The main issue, Goldberg said, is that New York-area nonprofit groups charged with recruiting organ donors do a poor job compared with their counterparts in other parts of the country. These "organ procurement organizations" (OPOs) want to gain access to livers elsewhere rather than doing the hard work of convincing people to sign up as organ donors or persuading families to allow a donation after death, he contended.

"The first and foremost priority is holding areas and OPOs accountable for subpar performance," Goldberg said.

To compensate for their organ shortage, Goldberg and others said, some hospitals in the New York region and elsewhere artificially boost some patients' scores, by abusing "exception points" designed for people with certain diseases that might kill them quickly. That hurts the chances of other sick people whose transplant panels don't engage in the practice.

"It's grade inflation," Goldberg said. "You can say the MELD score at transplant is higher than other parts of the country. But you cannot say their patients are sicker."

Regional review boards are supposed to prevent abuse of exception points. But some doctors have complained that some boards are too permissive. A national review board will take over the task in January in an attempt to standardize the system.

At least one study shows that poor and rural patients already face greater chances of dying while waiting for transplants. Raymond Lynch, an assistant professor of transplant surgery at Emory University in Atlanta, said that a plan that moves more livers toward urban areas will exaggerate that effect.

"We are not the 'haves,' he said. "We are the hanging on. And the people here are hanging on because they have relatively good access to the organs."

Those on Medicaid face another obstacle: State reimbursements differ, and recipients cannot go out of state for their transplants. Grisson and Perez Remache, for example, must get their transplants in Georgia and New York, respectively.
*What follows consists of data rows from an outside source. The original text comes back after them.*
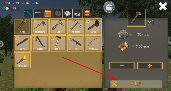 2、收集石頭和木材等資源,在制作界面制作石斧,獲取工具,助力荒野中的資源采集和生存。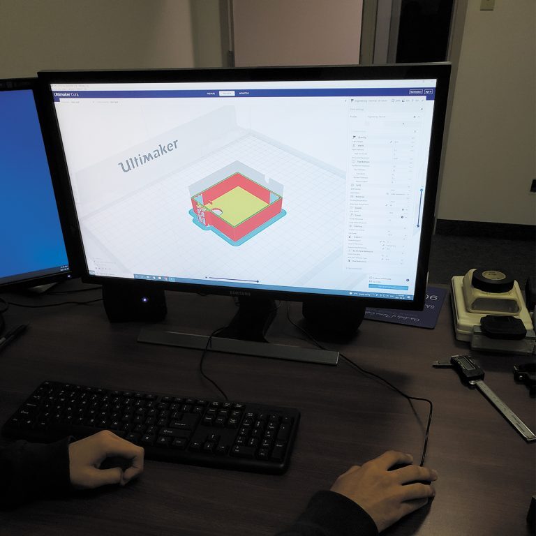 The STL is imported into Cura™, a slicer program that divides the model into horizontal layers and provides a simple set of instructions per layer for the 3D printer to follow. This process dictates the exact locations, scale, orientations, and other parameters including the density and supports for the objects being printed. When the files are ready, they are exported again, into GCODE to be read by the printer.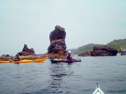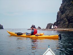 鴎が鼻の弁天岩。どこまで行っても鏡のようなベタ凪の海面が続きます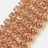 Основа для стразовой ленты имитирует золото или другие драгоценные металлы, что дает возможность создавать уникальные по красоте украшения. Благодаря современным технологиям, ленты за долгое время использования не теряют свой первоначальный вид. Металл и стразы не тускнеют, оставаясь яркими, искрящимися.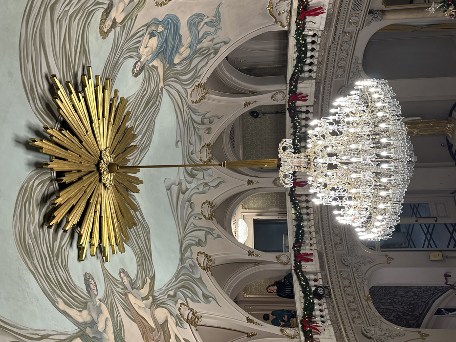 n ornate interior with a painted ceiling depicting figures in flowing robes. A large, golden sunburst decoration is prominently featured on the ceiling. A multi-tiered crystal chandelier hangs from the ceiling, reflecting light. A balcony with Christmas garland and red ribbons is visible. People stand on the balcony. The architectural style is grand and detailed with arched openings.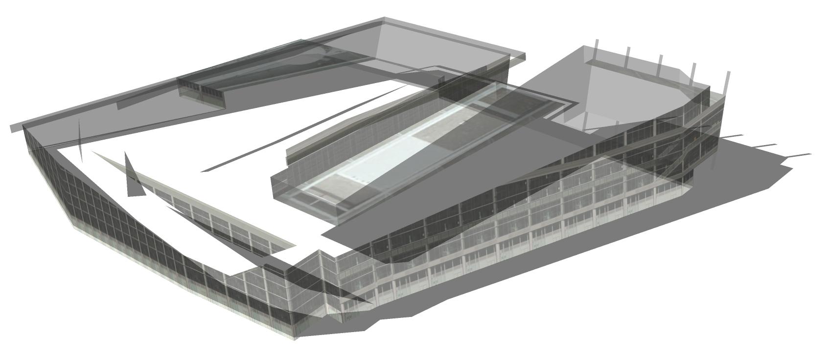 Structure: The auditorium is encapsulated in a concrete shell, while the cantilevers and the glazing on the exterior look out to the str The space is not designed for mobilzation, but as a means of close intera

People with means often register at multiple transplant centers, which is how Steve Jobs, who lived in California, received a liver in Tennessee.

Wayne Cooper, a retired obstetrician from McLean, Virginia, who is awaiting a transplant, said he is looking at three transplant centers in North Carolina, Washington and Baltimore because he can get to any of them quickly and his private insurance will cover the surgery.
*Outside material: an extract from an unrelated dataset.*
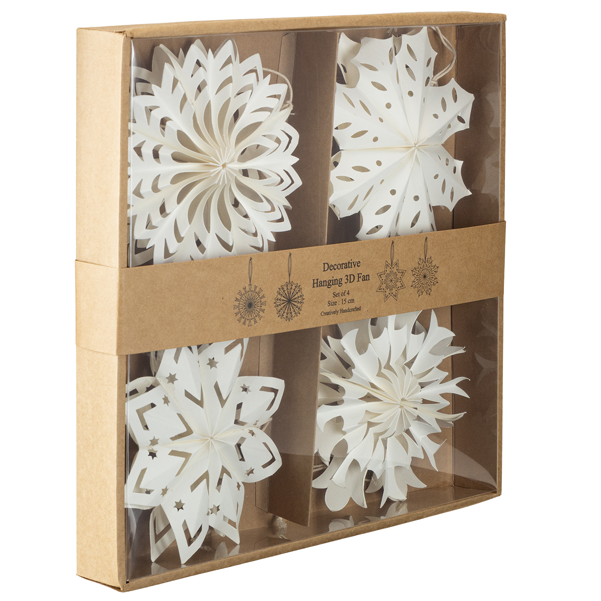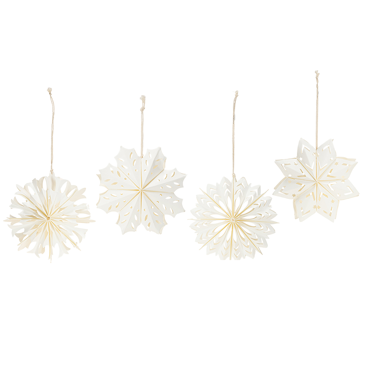 Våre dekorative snøflak av papir kombinerer stil, enkelhet og praktisk bruk. Settet inneholder fire forskjellige snøflak, hver med et åpent mønster som minner om det unike utseendet til ekte snøflak. De er laget av tykt papir av høy kvalitet og gir stabilitet og et elegant utseende. Det er enkelt å henge dem opp med den medfølgende bomullssnoren, og takket være den nøytrale hvite fargen passer snøflakene til nesten enhver dekorasjonsstil.

"The main reason I'm going [to Duke University Medical Center] is it's a different region than Georgetown," he said.

As she waitsin Georgia, Grisson, whose liver is under attack from an autoimmune disease, said she suffers from fatigue, jaundice and intense itching that "feels like ants are stinging you all over." She prays for a liver every day.

"I pray, yes, I do," she said. "I also understand that somebody's got to lose their life for me to live. That's going to take away someone from another family."

Over the past five years, UNOS's liver transplant committee has looked at 63 alternatives and 630 simulations of possible results. Last December, the idea of consolidating the 11 districts into eight was withdrawn without a vote because of intense opposition from numerous regions.

The current proposal is more modest. It would allow livers to be shared within 150 nautical miles of donor hospitals, which would foster some movement of livers across district lines. It also would keep more organs within the donor's local area and region before they are offered to people in other parts of the nation.

UNOS said that, taken together, the two ideas would increase sharing without harming existing liver distribution very much. A vote could come as soon as December.

"Will this be the exact model? Maybe," Heimbach said. "Maybe it will be a variation of this. I'm optimistic that we'll get there if we just keep going."